⟨

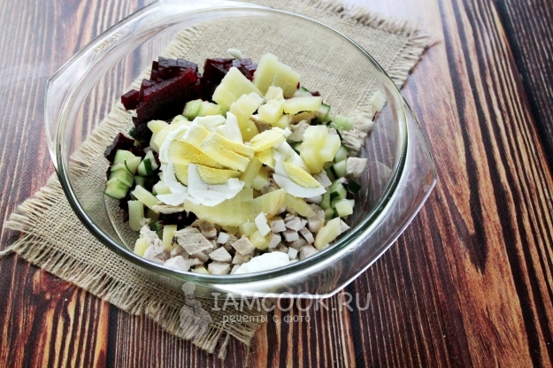 Приготовьте продукты по списку. Овощи удобно сварить заранее и охладить.
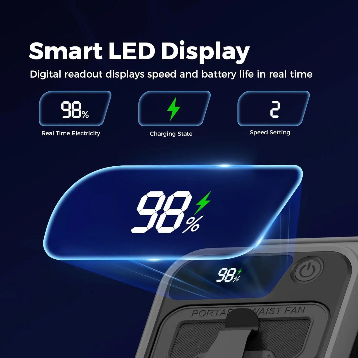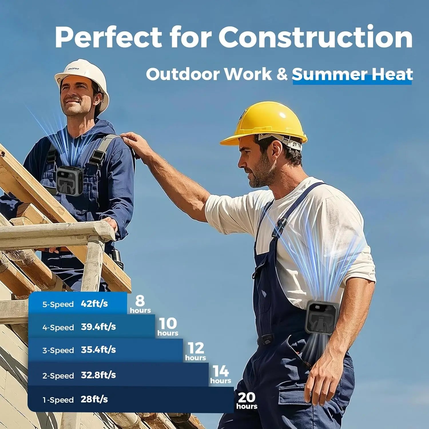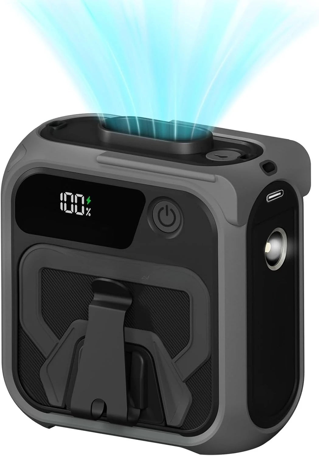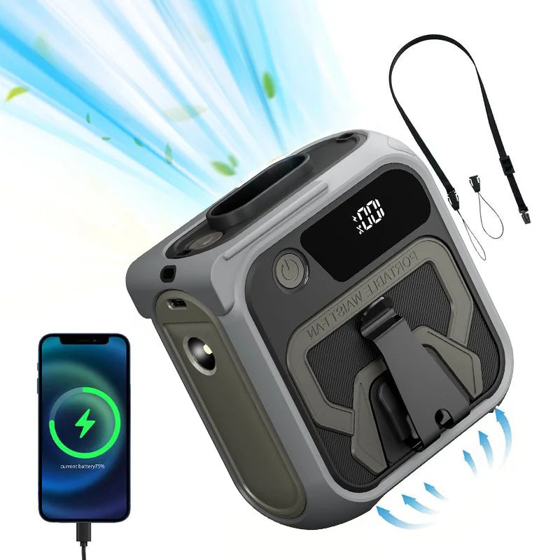 - [2025 Upgraded Portable Waist Fan]Experience ultimate cooling versatility with our 6th generation clip on fan, engineered for durability and performance. This portable waist fan features a stronger motor, anti-slip silicone sleeves, and an upgraded manganese steel clip for secure attachment to belts, shirts, or gear. Perfect for outdoor work, construction sites, or adventures, it’s designed to stay put even in high-movement scenarios.
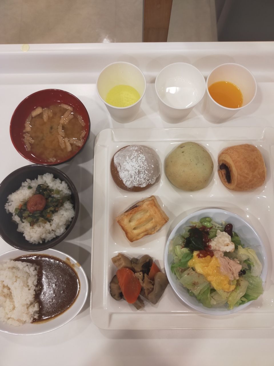 りんごジュースとカルピスと お茶です。 朝食は良かったです。 ミニサイズの牛乳と ヤクルトもありました。 敷地内ににパン屋さんもあるようです。 またバラ園も近いようです。 フロントに3部咲きと書いてありました。
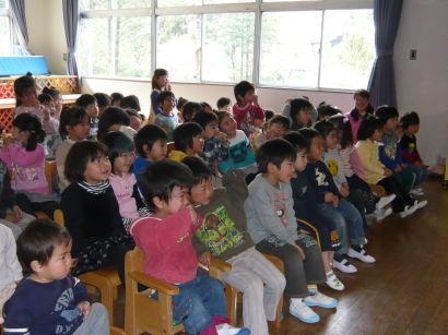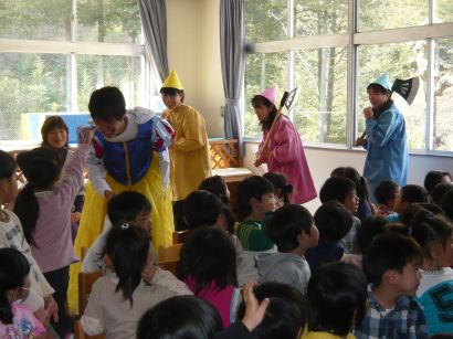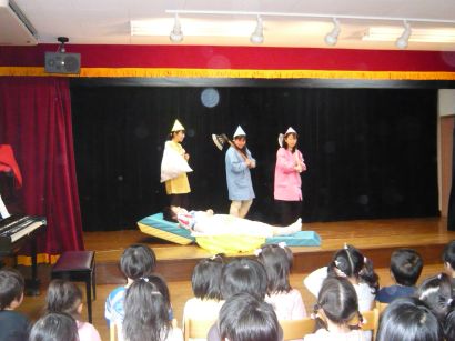 | 先生たちの熱演に、子どもたちは笑ったり、心配したり・・・・いつもと違う先生に大喜びでした。 |
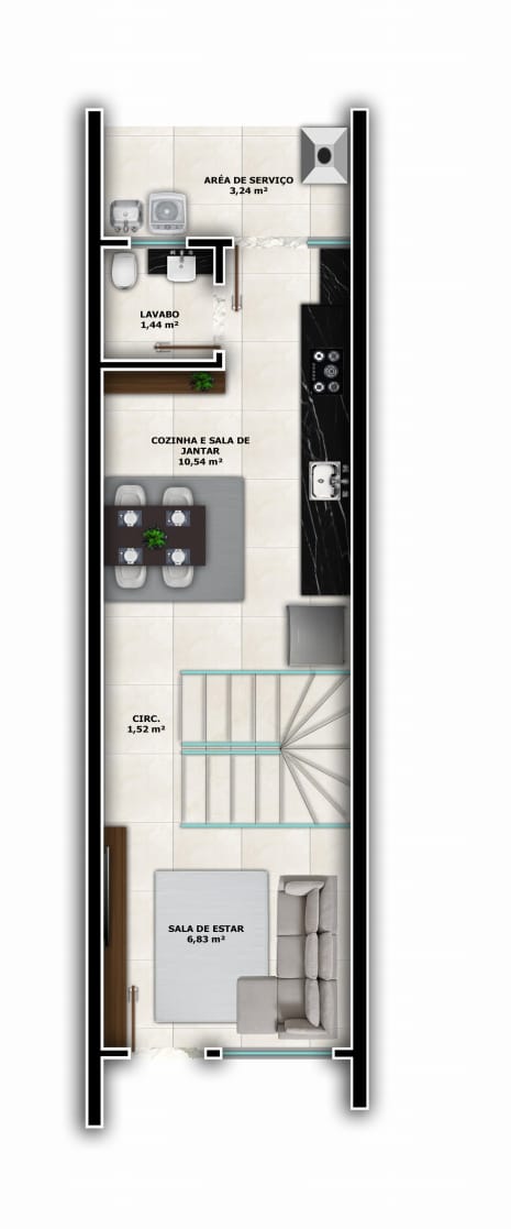 Cód: 150Área útil - 58 M²Construção 2025
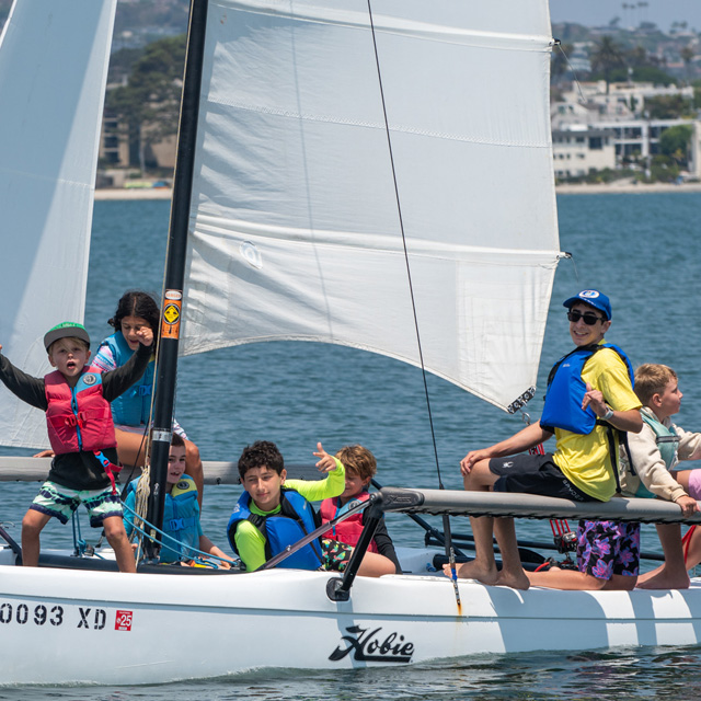 Campers will participate in Basic Sailing instruction in the morning and then get to try out a different watersport each afternoon. Basic sailors will learn to sail in a single-person, simple Sabot. After learning the basics on land, most of the week will be spent sailing on Mission Bay. Campers that are comfortable and confident sailing the Sabot can move on to Adventure Sailing for future camp weeks.

⟩

**Brief**
Reproduce the records in full, exactly as they appear, and show none of the pictures.

**Task output**
 Приготовьте продукты по списку. Овощи удобно сварить заранее и охладить.
 - [2025 Upgraded Portable Waist Fan]Experience ultimate cooling versatility with our 6th generation clip on fan, engineered for durability and performance. This portable waist fan features a stronger motor, anti-slip silicone sleeves, and an upgraded manganese steel clip for secure attachment to belts, shirts, or gear. Perfect for outdoor work, construction sites, or adventures, it’s designed to stay put even in high-movement scenarios.
 りんごジュースとカルピスと お茶です。 朝食は良かったです。 ミニサイズの牛乳と ヤクルトもありました。 敷地内ににパン屋さんもあるようです。 またバラ園も近いようです。 フロントに3部咲きと書いてありました。
 | 先生たちの熱演に、子どもたちは笑ったり、心配したり・・・・いつもと違う先生に大喜びでした。 |
 Cód: 150Área útil - 58 M²Construção 2025
 Campers will participate in Basic Sailing instruction in the morning and then get to try out a different watersport each afternoon. Basic sailors will learn to sail in a single-person, simple Sabot. After learning the basics on land, most of the week will be spent sailing on Mission Bay. Campers that are comfortable and confident sailing the Sabot can move on to Adventure Sailing for future camp weeks.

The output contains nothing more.